VMware Cloud Community
wrf3f34ff
Enthusiast
Enthusiast

ESXi dropping ARP packets?

We're widening our ESXi 3.5.1 test deployment to a second server, and we've encountered an unusual problem. ESXi doesn't appear to be receiving ARP packets. Periodically the switch just "loses" IPs from its NIC and we've confirmed that it's due to ARP caches expiring. Inside a VM, we can packet dump without ever seeing any ARP traffic.

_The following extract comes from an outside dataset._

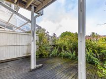 Kohteen etuna on viihtyisä taloyhtiö ja luonnonläheinen sijainti. Tilaratkaisut on myös mietitty käytännönläheisiksi. Yläkerrassa sijaitsevat kolme makuhuonetta, joista päämakuuhuoneesta on käynti parvekkeelle. Myös sauna ja pesuhuone ovat yläkerrassa. Alakerrasta löytyy kodinhoitohuone ja erillis-wc. Rappusten alla on varastohuone. Keittiön ja olohuoneen välillä on puoliseinä, jonka viereen voi kätevästi sijoittaa ruokailupöydän keittiön puolelle. Liesi on keraaminen. Olohuoneesta on pääsy omalle takapihalle, joka on käytännössä kokonaan terassia. Asunnon yläkerrassa on harmaa laminaattilattia, alakerran laminaatti on hieman vaaleampi sävyltään. Kokonaisuus on valoisa ja harmoninen.
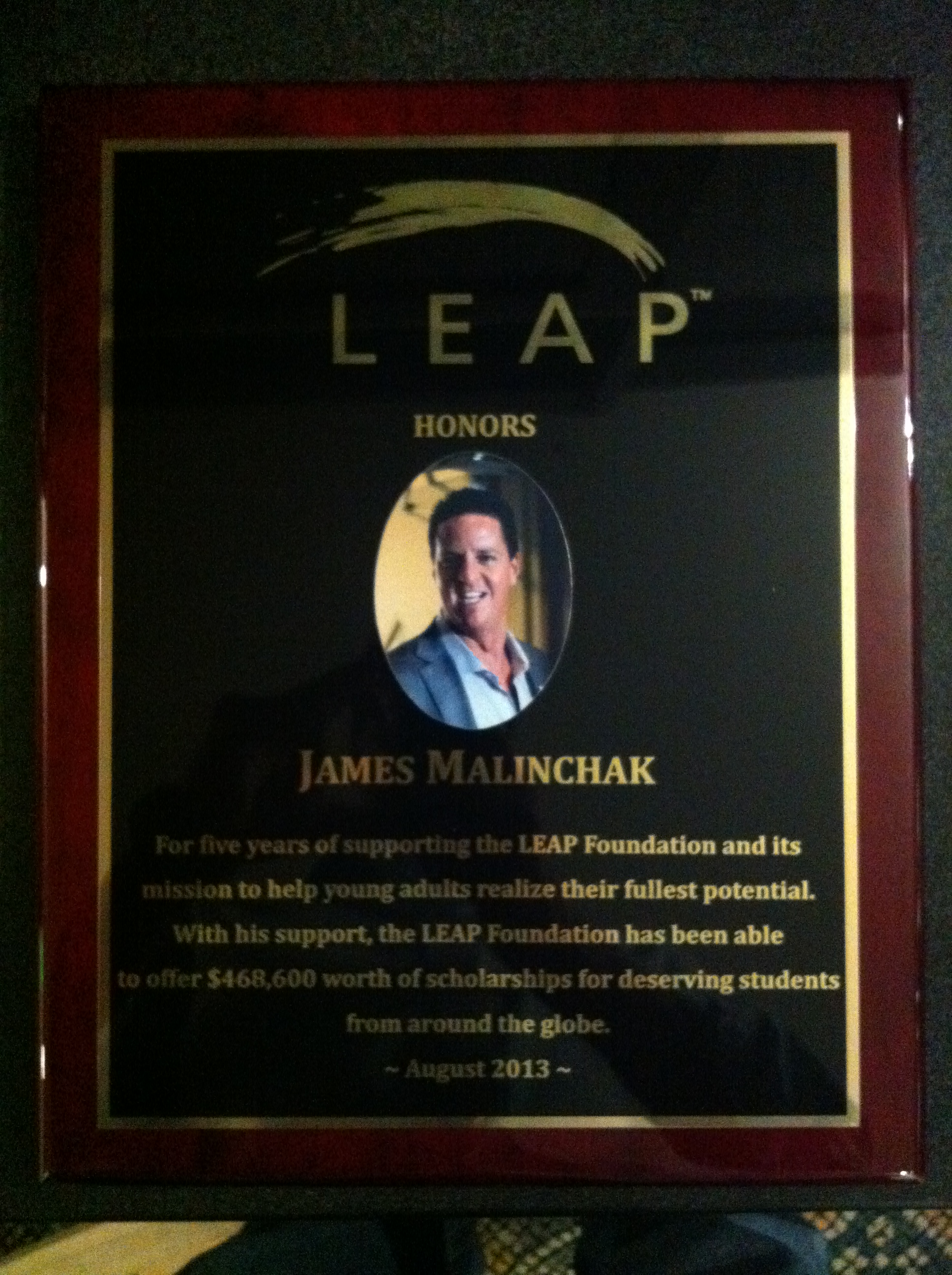 Malinchak raised $58,528 to support LEAP, a teen leadership program in Los Angeles. He also donated his time to speak to youths in the program and to advise them.

Sometimes doing a "Restart Networking" from the console helps for awhile, and as long as traffic continually passes to an IP, obviously its arp cache does not expire.

The first machine we loaded ESXi does not have this problem, running all the same tests, we get exactly the results one would expect.

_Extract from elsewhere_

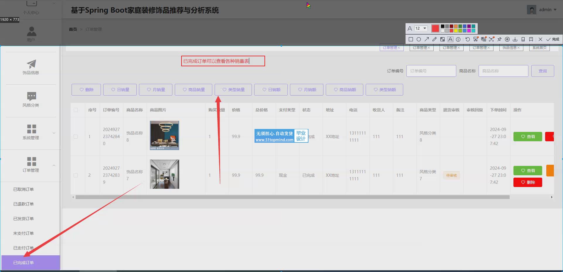 本文通过深入研究B/S结构的家庭装修饰品推荐与分析系统的总体设计和具体实现流程,从市场分类、UI设计到具体实现过程均遵循了网络设计的基本思路和数据库的设计方式。前后端的设计和开发技术采用了IDEA开发工具,并使用了MySQL管理数据库系统,同时使用了Java编程语言进行技术开发。本文详尽阐述了对家庭装修饰品推荐与分析系统的系统分析、设计与开发技术全过程,并剖析和实现了家庭装修饰品推荐与分析系统的基本功能。系统前台包含用户模块、展示模块、购买模块,后台应该包含用户管理、饰品管理、订单管理、评论管理等模块。系统架构清晰、界面美观友好、人机交互友好,使用户体验良好,数据存储可靠安全。
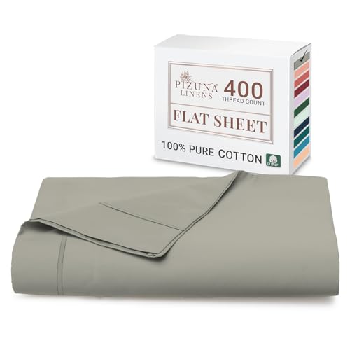 Pizuna Super King Flat Sheet Silver, 400 Thread Count Long Staple 100% Cotton Flat Sheet Super King 300x280 cm, Sateen Weave Top Sheet Super King (Cotton Flat Sheet Super King Size)

We have already exhaustively tested the hardware and switch port. Both are working fine. Switch port monitoring shows that the ARP requests are outbound to the VMware box, but they never make it.

This is not related to the guest networking stack, this happens with the ESXi management NIC as well / even right after startup when no guests are running. ("Test Management Network" has to be done to render it accessible to the VI client.) So it's somewhere in the ESXi physical LAN driver or the vSwitch.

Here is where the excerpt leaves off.